Responsible disclosure policy

It is important that our software is secure. If you find a vulnerability in our software we would like to hear about it. We will then take the necessary measures as soon as possible to fix the vulnerability found.

In order to deal responsibly with vulnerabilities found, we follow a set of guidelines therein. You can hold us to these when you find a vulnerability in our software.

If you have found a (possible) vulnerability, please report it at security@treams.nl. We would appreciate it if you include your e-mail address and phone number, as we would like to thank you personally for your help.

You should consider the following:

• Make a notification as soon as possible after a vulnerability discovery.
• Do not share the information about the security problem with third parties.
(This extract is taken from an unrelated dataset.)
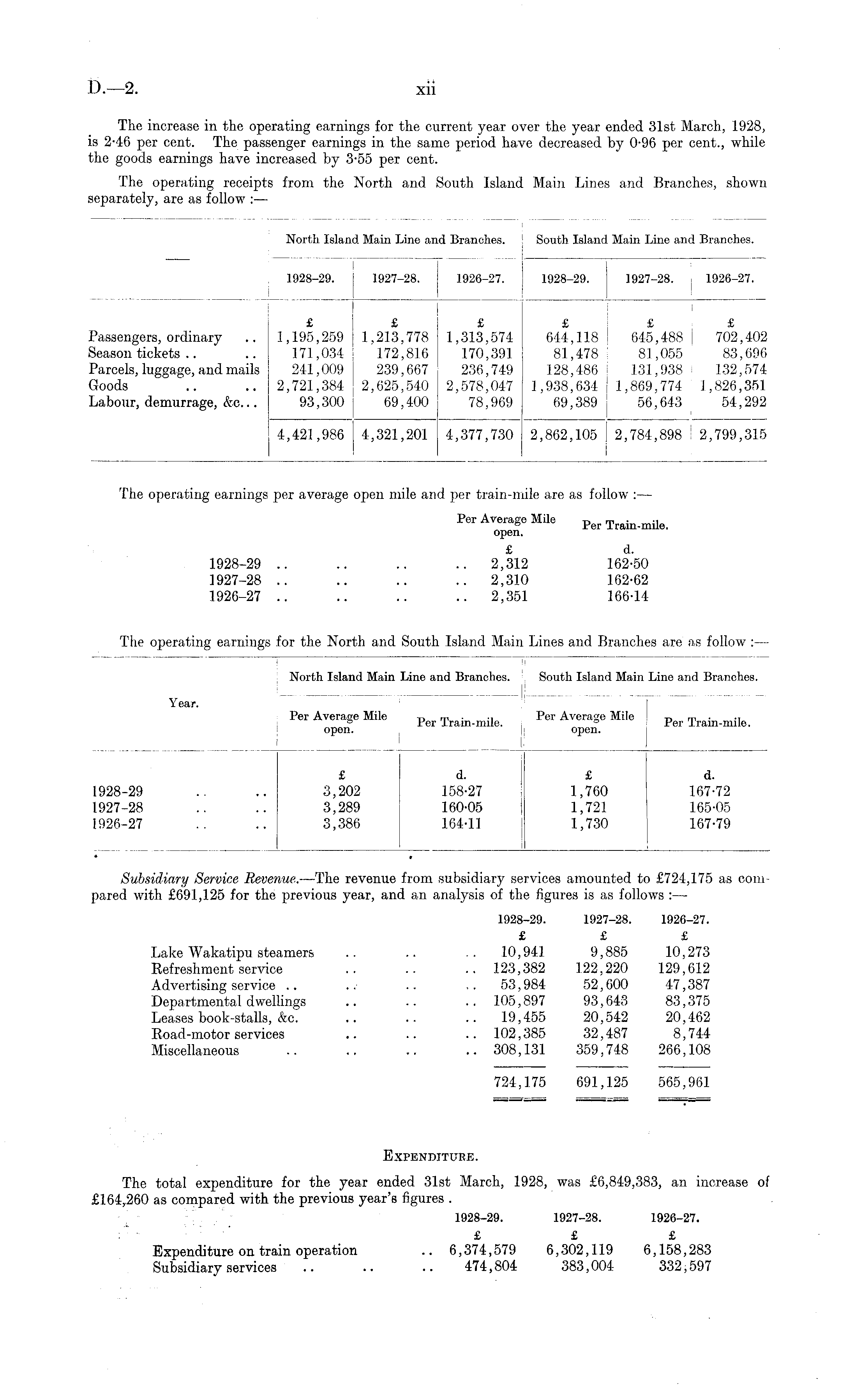 Subsidiary Service Revenue. —The revenue from subsidiary services amounted to £724,175 as compared with £691,125 for the previous year, and an analysis of the figures is as follows : — 1928-29. 1927-28. 1926-27. £ £ £ Lake Wakatipu steamers .. .. .. 10,941 9,885 10,273 Refreshment service .. .. .. 123,382 122,220 129,612 Advertising service .. .. .. .. 53,984 52,600 47,387 Departmental dwellings .. .. .. 105,897 93,643 83,375 Leases book-stalls, &c. .. .. .. 19,455 20,542 20,462 Road-motor services .. .. .. 102,385 32,487 8,744 Miscellaneous .. .. .. .. 308,131 359,748 266,108 724,175 691,125 565,961 Expenditure. The total expenditure for the year ended 31st March, 1928, was £6,849,383, an increase of £164,260 as compared with the previous year's figures . 1928-29. 1927-28. 1926-27. £ £ £ Expenditure on train operation .. 6,374,579 6,302,119 6,158,283 Subsidiary services .. .. .. 474,804 383,004 332,597

We are very quick with patches.
• Try not to take your actions beyond what is necessary to demonstrate the security problem.

Thus, you are not allowed to:

• places malware.
• copies, modifies or deletes data.
• makes modifications in or to our systems.
• repeatedly gains access to the system or shares access with others.
• uses so-called "bruteforcing" of access to systems.
• Uses denial-of-service or social engineering.

You can expect from us:

• that, taking into account the above, we will not attach any legal consequences to this report.
• we keep your information confidential.
• we will let you know quickly after you make a report how we are processing it and when you can expect a resolution.
• That we will let you know when the notification has been processed.
• That we resolve the report as soon as possible, taking into account the impact of the report made.
• we thank you -appropriately- for your help.

Thanks for your help in keeping our systems safe.